LA Bowl Ends After Five Seasons as College Football Loses Another Game

As the LA Bowl plays its final down, the shifting tides of college football raise fresh questions about the future of bowl season in an evolving postseason landscape.

After five years of postseason action in Southern California, the LA Bowl has officially reached the end of its run. Organizers announced Thursday that Washington’s win over Boise State in December marked the final chapter for the bowl game, which had been played annually at SoFi Stadium in Inglewood since 2021.

That means college football is set to move forward with 40 bowl games for the 2026 season-though even that number could shrink in the coming years as the College Football Playoff (CFP) continues to expand and reshape the postseason landscape.

In a statement, LA Bowl organizers reflected on the brief but memorable run of the event: “After five great years, the LA Bowl at SoFi Stadium will no longer be moving forward. It has been an honor for our staff and volunteers to bring college football to one of the world’s greatest venues. We want to thank the athletes and football programs who participated and, most importantly, the college football fans who joined us over these past five seasons.”

The LA Bowl carved out a space in the postseason rotation by pairing teams from the Pac-12 and Mountain West. While the matchups rotated annually with no repeat pairings, Boise State was the only program to appear in the game more than once. The Broncos bookended the bowl’s history with appearances in both the first and final editions.

But the LA Bowl’s departure is just the latest sign of a shifting postseason environment in college football. The sport’s December calendar has become increasingly chaotic, with coaching changes, early signing day, and the transfer portal all converging during the same window. Add in the looming expansion of the CFP, and the traditional bowl structure is under more pressure than ever.

Nick Carparelli, executive director of Bowl Season, emphasized that while bowl games still have a place in the sport, their future will be shaped by demand-from both schools and host cities.

“The bowl system is a market-driven system,” Carparelli said. “Through the 100 years of bowl games, no one has ever dictated how many bowl games there are.

They’ve been strictly a function of host communities that want to host them and teams that want to participate. If at any point in time, the institutions decide-as much as we love the bowl system-we may want to participate at a different level, then the bowl system will adjust accordingly.

But no one’s in a position to say what the number is. The market will dictate it.”

That market is already showing signs of strain. More than half a dozen programs declined bowl invitations this past December, including Notre Dame, and a few games had to dip into the pool of five-win teams just to fill slots-something that used to be an exception but is now becoming more common.

There’s also the growing trend of player opt-outs in non-College Football Playoff games. Top prospects are increasingly choosing to sit out lower-tier bowls to prepare for the NFL Draft, which impacts both the quality of the matchups and the appeal of the games themselves. On top of that, bowl practices can interfere with recruiting efforts during one of the busiest times on the calendar for coaching staffs.

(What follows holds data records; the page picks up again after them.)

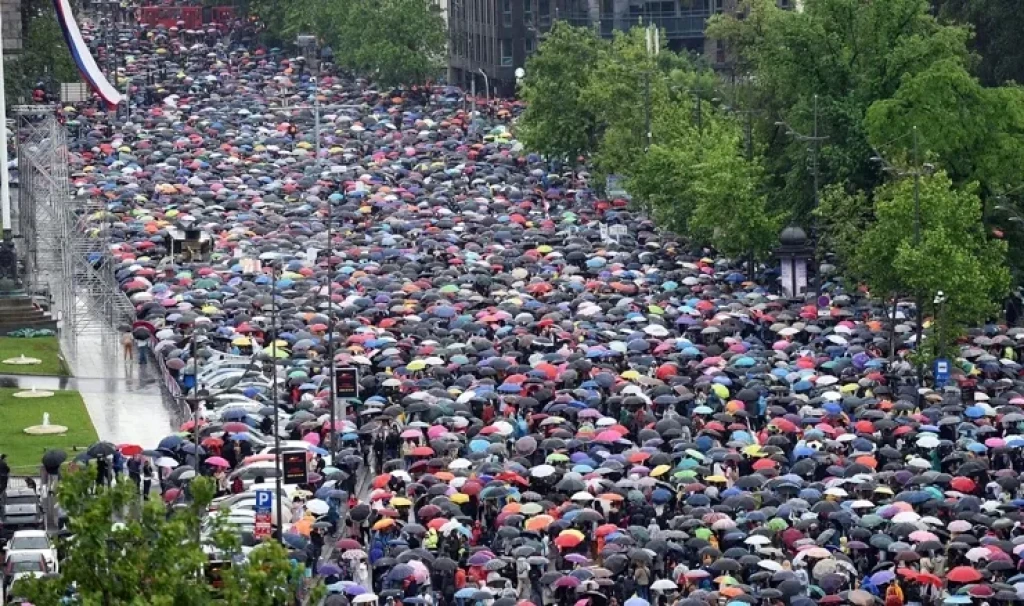 Na prosvjede je početkom svibnja pozvala proeuropska oprba, poslije dvije masovne pucnjave u kojima je ubijeno 18 mladih ljudi, a 20 ih je ranjeno.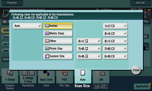 [Inches] | Select this option to scan an inch-size original. Tap [Inches], and select a standard inch size. |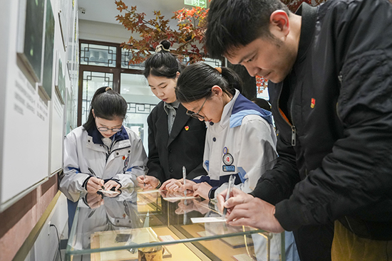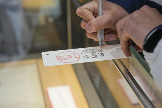 師生們在特制的書簽上寫下對革命先烈的寄語。“山河已無恙,吾輩當(dāng)自強(qiáng)”“革命精神永存,紅色基因代代傳”等,一句句真摯的話語,表達(dá)了新時(shí)代師生對革命先烈的崇高敬意和繼承遺志的堅(jiān)定決心。

All of this feeds into a broader shift in how bowl games are viewed. Once considered a reward for a strong season, many of these games now feel more like obligations-especially for programs with bigger goals. With the playoff becoming the ultimate measuring stick, it’s no surprise that bowls outside the CFP are struggling to hold the same weight.

The end of the LA Bowl doesn’t signal the end of bowl season, but it does underscore a reality college football is slowly coming to terms with: the postseason is evolving, and not every game will survive the transition.